IdanAchituve/pFedGP

Error of Torch.Cholesky

Closed this issue · 6 comments

Firstly, thanks for your awesome work and code. When I run the pFedGP_IP_compute in the cifar100 in the 'noisy input', there raises an error: 'RuntimeError: cholesky_cuda: For batch 1: U(993,993) is zero, singular U.' The same problem also occurs in other settings. How can I solve the issue?

Hi,
Can you provide the full trace of the error?
Where exactly does it fall?

Cheers,
Idan

The input line:

│(per) [quyuxun@Moon pFedGP-main]$ python ./trainer_ip.py --data-name cifar100 --data-path experiments/datafolder/noisy_cifar100/data_dictionary.pkl --method pFedGP-comp
 │ute --lr 0.01 --save-path experiments/noisy_input/output/pFedGP/pFedGP-IP

The Traceback


 ~│Step: 25, client: 90, Inner Step: 0, Loss: 6.2183685302734375:   2%|#5                                                              | 24/1000 [03:07<2:07:12,  7.82s/it]
]$│Traceback (most recent call last):
 ~│  File "./trainer_ip.py", line 317, in <module>
  │    val_results, labels_vs_preds_val = eval_model(net, GPs, X_bar, clients, split="val")
  │  File "/home/quyuxun/anaconda3/envs/per/lib/python3.6/site-packages/torch/autograd/grad_mode.py", line 26, in decorate_context
  │    return func(*args, **kwargs)
  │  File "./trainer_ip.py", line 135, in eval_model
  │    loss, pred = GPs[client_id].forward_eval(X_train, Y_train, X_test, Y_test, client_X_bar, is_first_iter)
  │  File "/home/quyuxun/pFedGP-main/pFedGP/Learner.py", line 84, in forward_eval
  │    preds = self.tree.eval_tree_full_path(X_train, Y_train, X_test, X_bar, self.n_output, is_first_iter)
  │  File "/home/quyuxun/pFedGP-main/pFedGP/tree.py", line 446, in eval_tree_full_path
  │    is_first_iter=is_first_iter)
  │  File "/home/quyuxun/pFedGP-main/pFedGP/pFedGP_compute.py", line 126, in predictive_posterior
  │    gibbs_state = self.gibbs_sample(model_state)
  │  File "/home/quyuxun/pFedGP-main/pFedGP/pFedGP_compute.py", line 182, in gibbs_sample
  │    gibbs_state = self.next_gibbs_state(model_state, gibbs_state)
  │  File "/home/quyuxun/pFedGP-main/pFedGP/pFedGP_compute.py", line 215, in next_gibbs_state
  │    f_new = self.sample_f(gibbs_state.omega, model_state)
  │  File "/home/quyuxun/pFedGP-main/pFedGP/pFedGP_compute.py", line 239, in sample_f
  │    dist = self.gaussian_posterior(omega, model_state)
  │  File "/home/quyuxun/pFedGP-main/pFedGP/pFedGP_compute.py", line 280, in gaussian_posterior
  │    L_Q = psd_safe_cholesky(Q)  # ND x M x M
  │  File "/home/quyuxun/pFedGP-main/utils.py", line 241, in psd_safe_cholesky
  │    raise e
  │  File "/home/quyuxun/pFedGP-main/utils.py", line 215, in psd_safe_cholesky
  │    L = torch.cholesky(A, upper=upper, out=out)
  │RuntimeError: cholesky_cuda: For batch 1: U(993,993) is zero, singular U.

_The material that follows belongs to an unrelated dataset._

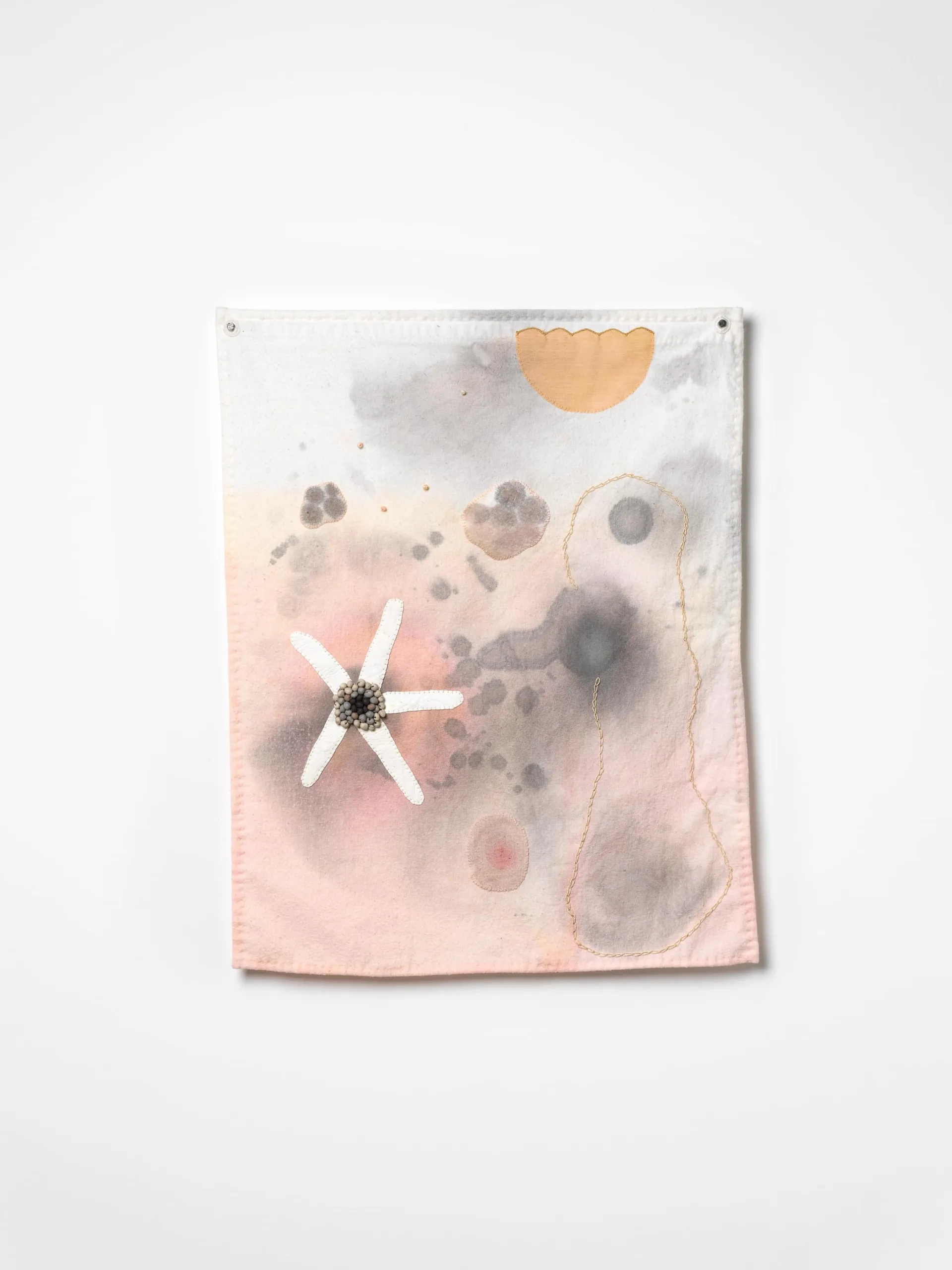 Cotton, leather glove, repurposed threads, handmade beads, hand-dyed negligee, hand-stained flannelette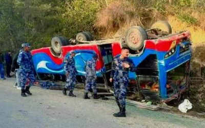 वनभोजका लागि विद्यार्थी बोकेको बस दुर्घटना हुँदा २० जना घाइते, २ को अवस्था गम्भीर

It seems that the matrix A in line 215 in 'utils.py' is irreversible in the step25/client90/InnerStep0. Is the issue reproducible in your service?

Indeed this is the issue. I wasn't able to reproduce this error in my machine, although the optimization process seems to be similar to yours (e.g., client 90 is sampled at step 25).
Perhaps you can check the following:

  1. Pytorch changed the function that performs cholesky decomposition in recent versions. So, if you are working with a recent one, perhaps you should change it also in the code (link).
  2. Maybe you can try working with double precision and see if the issue is resolved.
  3. Add a larger jitter to the diagonal when the code fails.

Idan

Thanks for your response, I would try as what you suggest. The pytorch version is the same as that in the 'requirement' and I utilize the CUDA11.0 in RTX3090. Perhaps it is closely relative to the machine. Lastly, sorry to disturb you and thanks for your detailed response.

No problem. Feel free to approach me on anything.
BTW, I am working on RTX 2080 Ti with CUDA 11.4.

Good luck,
Idan